→ DATA PROVIDED:

· · ·

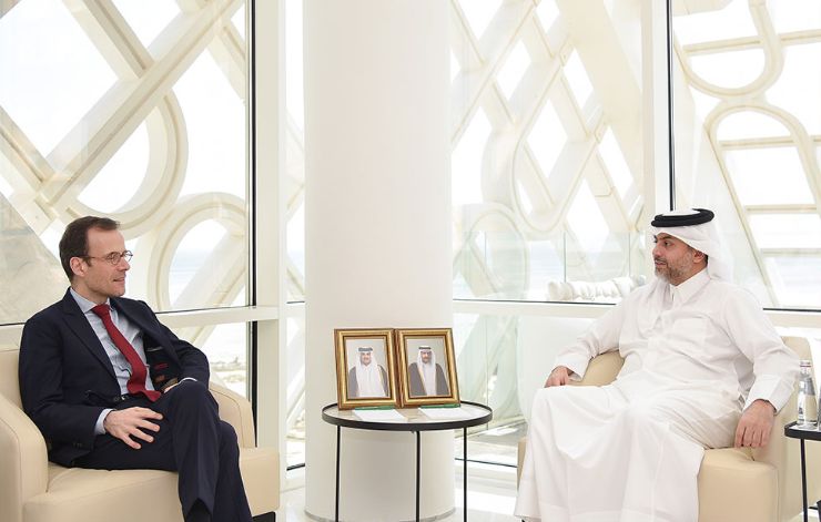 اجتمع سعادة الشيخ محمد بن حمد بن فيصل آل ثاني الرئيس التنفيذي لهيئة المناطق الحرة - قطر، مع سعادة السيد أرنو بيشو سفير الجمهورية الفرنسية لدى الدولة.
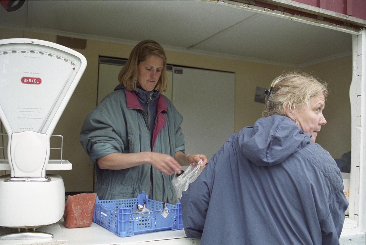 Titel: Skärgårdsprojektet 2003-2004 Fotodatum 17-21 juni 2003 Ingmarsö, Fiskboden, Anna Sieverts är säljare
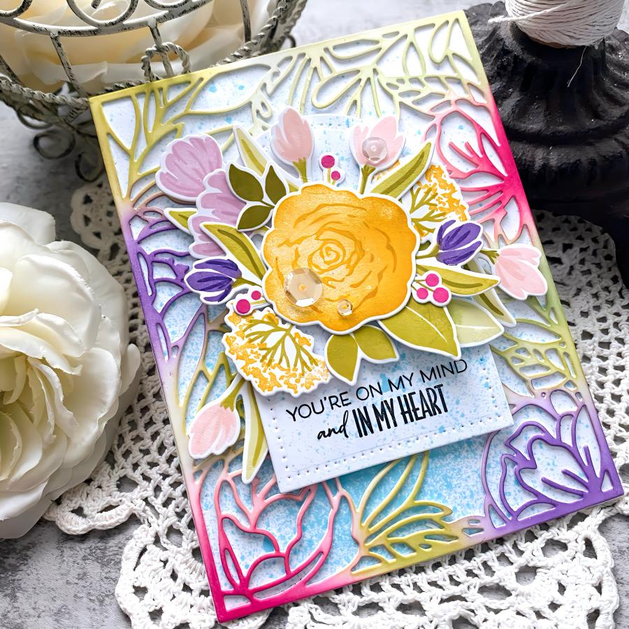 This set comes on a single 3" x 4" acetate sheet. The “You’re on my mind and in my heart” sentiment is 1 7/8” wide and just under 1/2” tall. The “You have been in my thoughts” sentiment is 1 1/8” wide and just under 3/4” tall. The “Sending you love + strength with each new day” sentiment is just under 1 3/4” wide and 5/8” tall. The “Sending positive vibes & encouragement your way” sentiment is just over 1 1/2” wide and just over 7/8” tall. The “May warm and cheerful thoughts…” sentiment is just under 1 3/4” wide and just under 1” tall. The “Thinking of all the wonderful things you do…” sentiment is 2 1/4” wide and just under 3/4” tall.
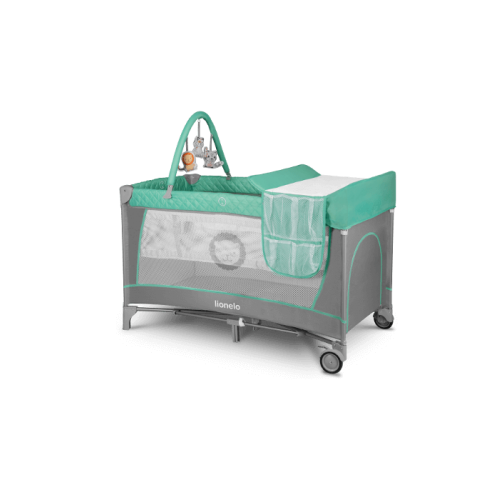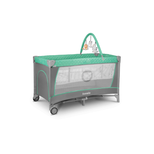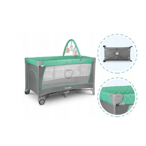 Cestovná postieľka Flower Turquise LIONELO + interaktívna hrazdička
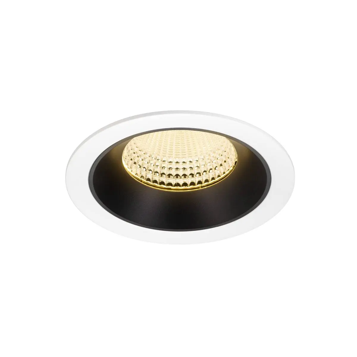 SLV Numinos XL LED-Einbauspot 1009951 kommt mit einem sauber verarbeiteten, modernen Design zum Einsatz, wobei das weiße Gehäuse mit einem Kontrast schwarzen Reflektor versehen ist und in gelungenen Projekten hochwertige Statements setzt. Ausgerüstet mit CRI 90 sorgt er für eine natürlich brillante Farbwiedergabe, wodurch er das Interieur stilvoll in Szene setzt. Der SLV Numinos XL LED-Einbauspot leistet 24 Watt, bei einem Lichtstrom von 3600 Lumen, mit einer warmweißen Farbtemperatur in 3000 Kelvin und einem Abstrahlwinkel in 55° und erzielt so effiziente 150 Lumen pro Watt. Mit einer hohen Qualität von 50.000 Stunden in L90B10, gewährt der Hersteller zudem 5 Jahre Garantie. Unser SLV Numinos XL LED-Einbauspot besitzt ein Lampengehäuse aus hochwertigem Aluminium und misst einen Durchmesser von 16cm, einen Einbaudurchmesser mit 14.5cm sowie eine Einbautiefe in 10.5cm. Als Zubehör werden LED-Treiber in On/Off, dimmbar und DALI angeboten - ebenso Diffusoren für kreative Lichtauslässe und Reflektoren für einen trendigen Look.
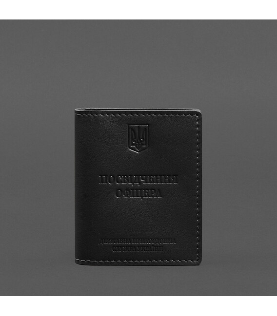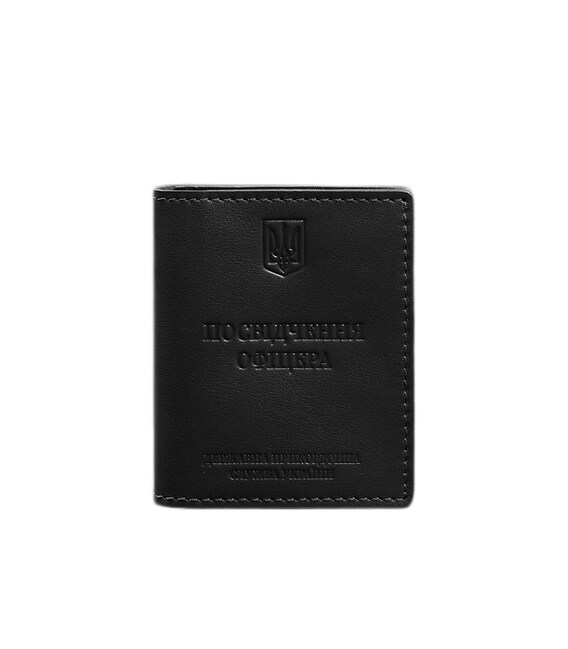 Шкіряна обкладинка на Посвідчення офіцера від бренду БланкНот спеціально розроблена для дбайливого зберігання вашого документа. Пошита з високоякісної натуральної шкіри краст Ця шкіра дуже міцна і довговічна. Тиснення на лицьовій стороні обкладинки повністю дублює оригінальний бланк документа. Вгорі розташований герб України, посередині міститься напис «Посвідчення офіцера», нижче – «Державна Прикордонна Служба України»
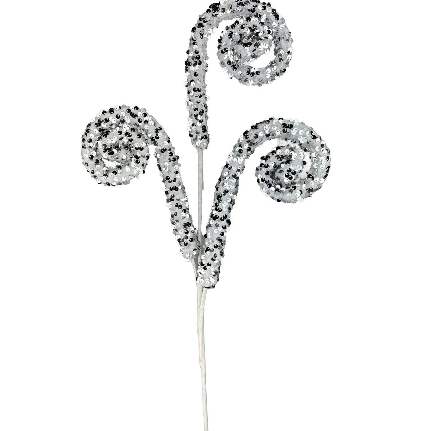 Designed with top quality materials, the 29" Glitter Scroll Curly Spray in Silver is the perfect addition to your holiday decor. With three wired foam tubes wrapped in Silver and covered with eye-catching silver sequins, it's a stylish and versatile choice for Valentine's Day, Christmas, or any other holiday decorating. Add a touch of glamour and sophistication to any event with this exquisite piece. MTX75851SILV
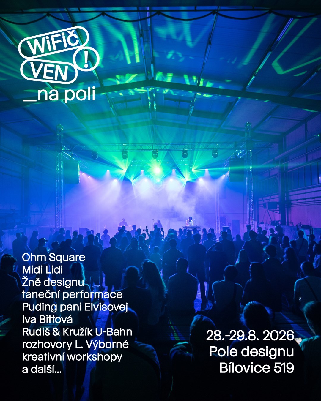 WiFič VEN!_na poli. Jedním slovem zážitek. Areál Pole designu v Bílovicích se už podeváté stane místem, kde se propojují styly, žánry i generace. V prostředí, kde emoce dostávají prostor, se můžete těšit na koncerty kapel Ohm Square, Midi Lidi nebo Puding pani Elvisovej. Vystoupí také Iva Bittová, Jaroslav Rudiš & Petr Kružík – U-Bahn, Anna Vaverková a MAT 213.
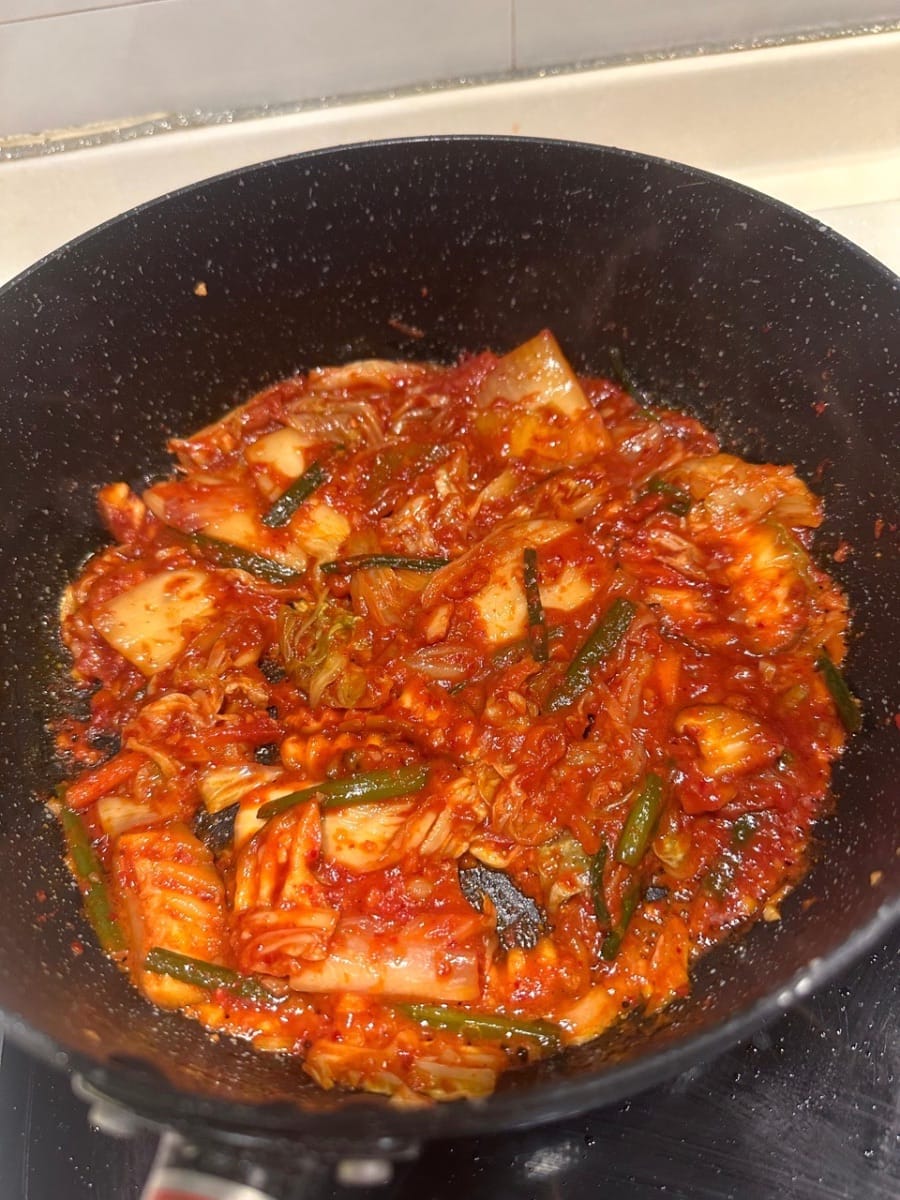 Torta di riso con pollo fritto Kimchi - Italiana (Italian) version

· · ·

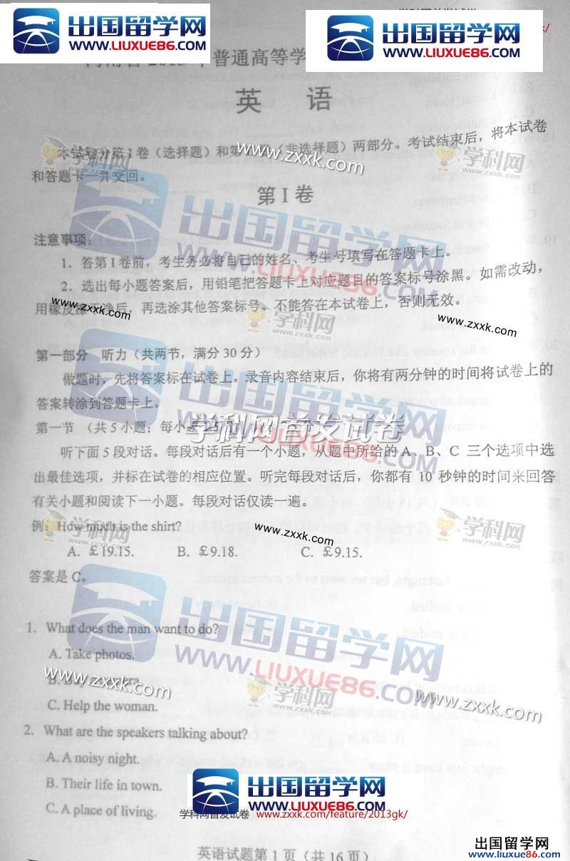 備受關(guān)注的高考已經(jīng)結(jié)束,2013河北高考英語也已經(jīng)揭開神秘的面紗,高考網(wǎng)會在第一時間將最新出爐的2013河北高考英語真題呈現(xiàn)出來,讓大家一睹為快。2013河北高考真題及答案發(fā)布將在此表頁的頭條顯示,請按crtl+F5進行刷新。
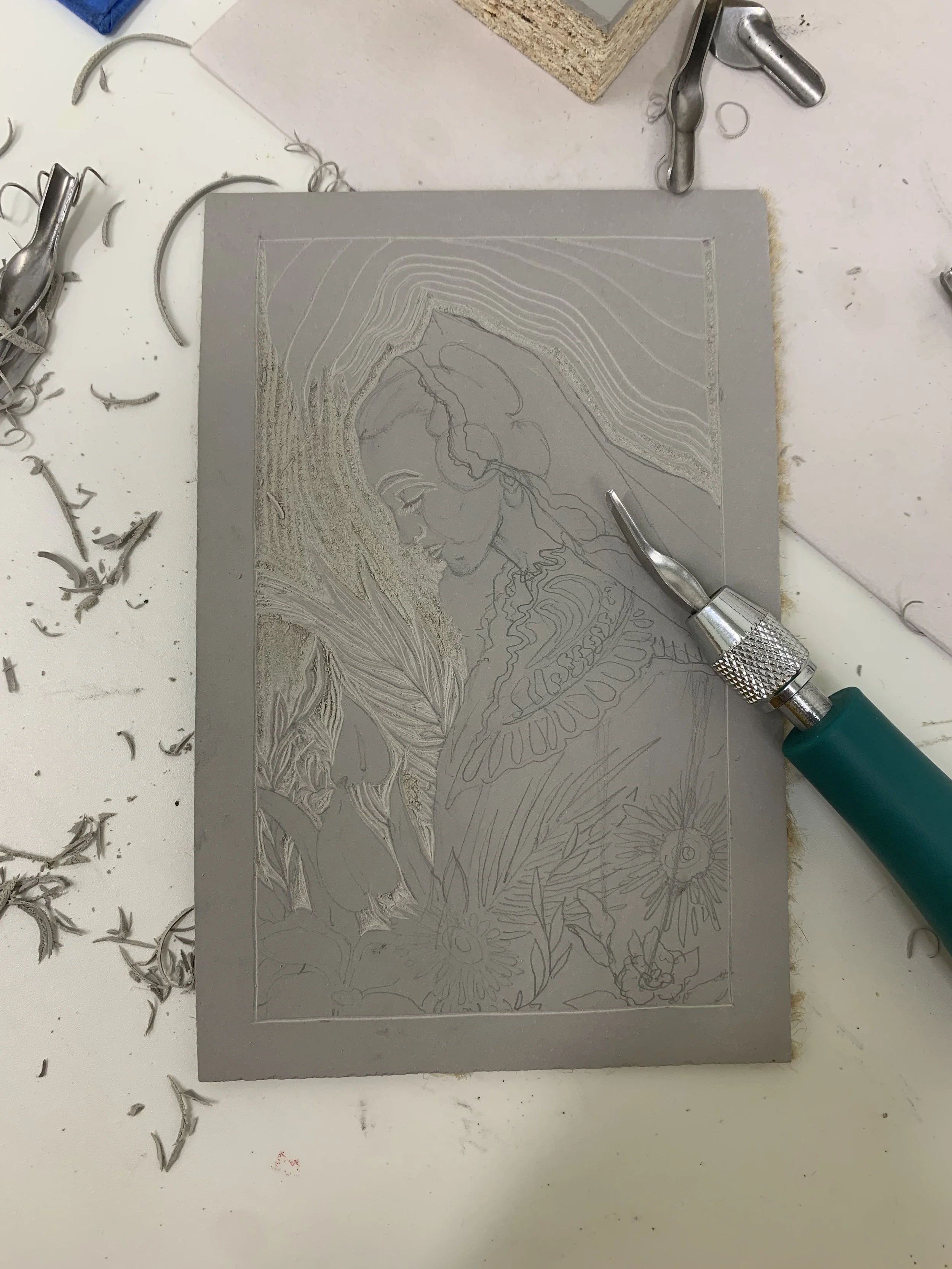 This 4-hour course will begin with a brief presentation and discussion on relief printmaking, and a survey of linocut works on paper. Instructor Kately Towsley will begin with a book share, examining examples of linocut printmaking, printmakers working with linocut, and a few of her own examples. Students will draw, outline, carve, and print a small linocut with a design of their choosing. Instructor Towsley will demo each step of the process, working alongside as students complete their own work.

· · ·

→ WORK INSTRUCTIONS:
Exactly as written above, retype the lines starting at the one holding "اجتمع سعادة الشيخ" and ending at the one holding "Cestovná postieľka Flower", both included, but not the pictures.

→ RESULT:
 اجتمع سعادة الشيخ محمد بن حمد بن فيصل آل ثاني الرئيس التنفيذي لهيئة المناطق الحرة - قطر، مع سعادة السيد أرنو بيشو سفير الجمهورية الفرنسية لدى الدولة.
 Titel: Skärgårdsprojektet 2003-2004 Fotodatum 17-21 juni 2003 Ingmarsö, Fiskboden, Anna Sieverts är säljare
 This set comes on a single 3" x 4" acetate sheet. The “You’re on my mind and in my heart” sentiment is 1 7/8” wide and just under 1/2” tall. The “You have been in my thoughts” sentiment is 1 1/8” wide and just under 3/4” tall. The “Sending you love + strength with each new day” sentiment is just under 1 3/4” wide and 5/8” tall. The “Sending positive vibes & encouragement your way” sentiment is just over 1 1/2” wide and just over 7/8” tall. The “May warm and cheerful thoughts…” sentiment is just under 1 3/4” wide and just under 1” tall. The “Thinking of all the wonderful things you do…” sentiment is 2 1/4” wide and just under 3/4” tall.
 Cestovná postieľka Flower Turquise LIONELO + interaktívna hrazdička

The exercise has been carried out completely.